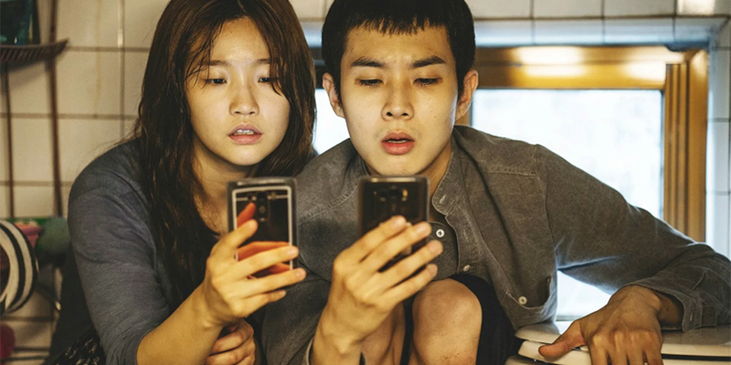 Parasite è ambientato ai giorni nostri in Corea del Sud e inizia presentando i quattro membri della famiglia Kim: padre, madre, figlio e figlia. I genitori sono disoccupati e nemmeno i figli, in età da università, studiano o lavorano. Vivono tutti e quattro in un umido seminterrato di un quartiere povero, la cui unica vista sull’esterno è data da una finestra al livello della strada.
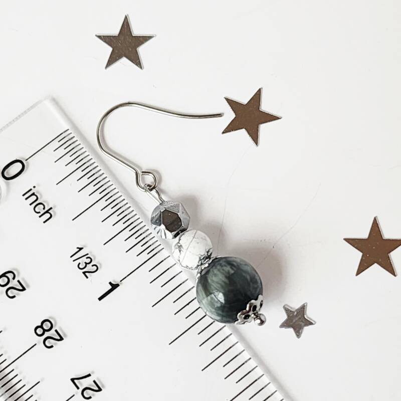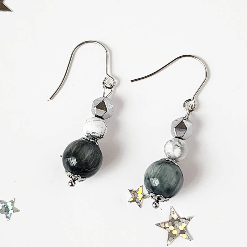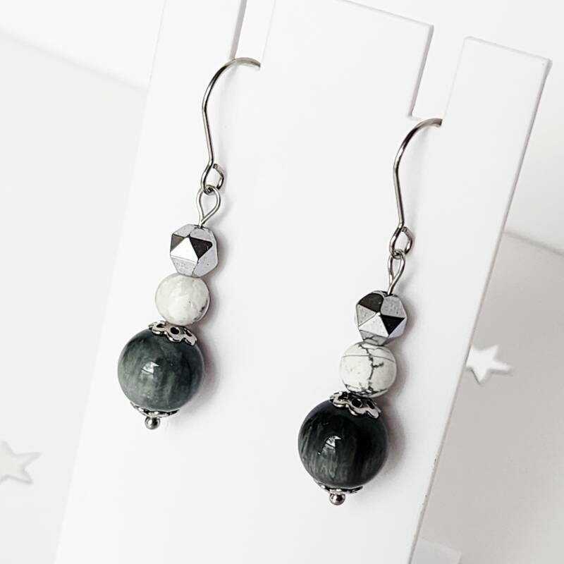 Handcrafted with rare silvery-gray Eagle Eye, calming white Howlite, and polished silver Hematite, this stainless steel pair of dangle earrings brings together contrast, balance, and modern edge.
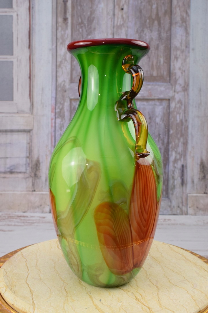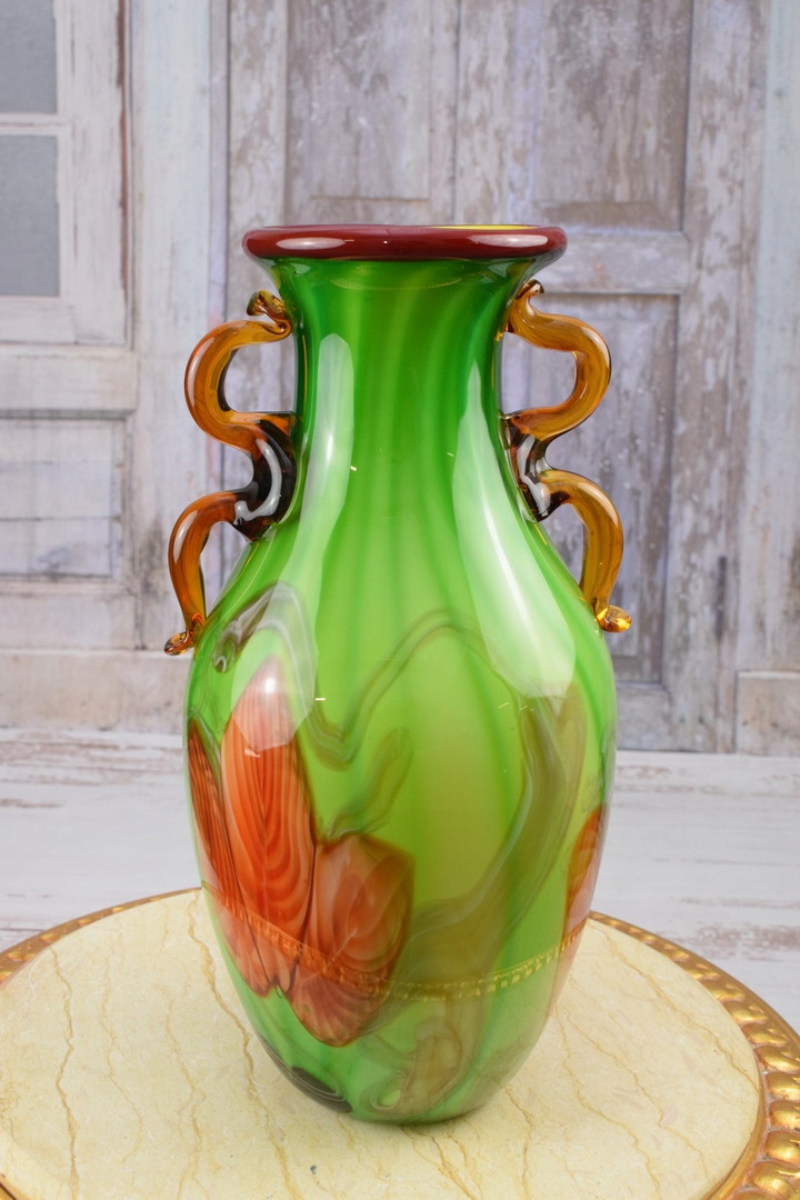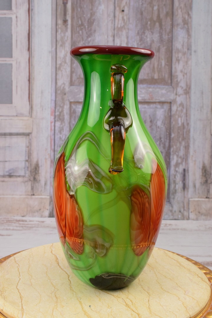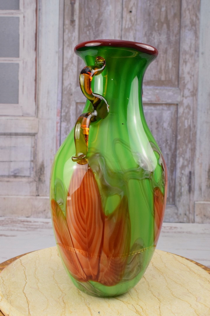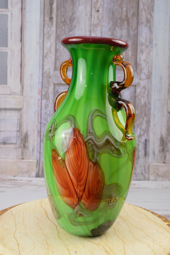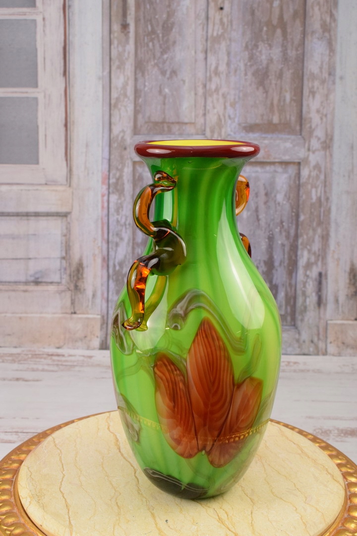 Стекло в стиле Мурано - Ваза зеленая бутылка - Италия - Подарок

**WHAT THIS TASK INVOLVES:** Once the pictures are set aside, repeat the data above exactly.

**TASK RESPONSE:**
 Parasite è ambientato ai giorni nostri in Corea del Sud e inizia presentando i quattro membri della famiglia Kim: padre, madre, figlio e figlia. I genitori sono disoccupati e nemmeno i figli, in età da università, studiano o lavorano. Vivono tutti e quattro in un umido seminterrato di un quartiere povero, la cui unica vista sull’esterno è data da una finestra al livello della strada.
 Handcrafted with rare silvery-gray Eagle Eye, calming white Howlite, and polished silver Hematite, this stainless steel pair of dangle earrings brings together contrast, balance, and modern edge.
 Стекло в стиле Мурано - Ваза зеленая бутылка - Италия - Подарок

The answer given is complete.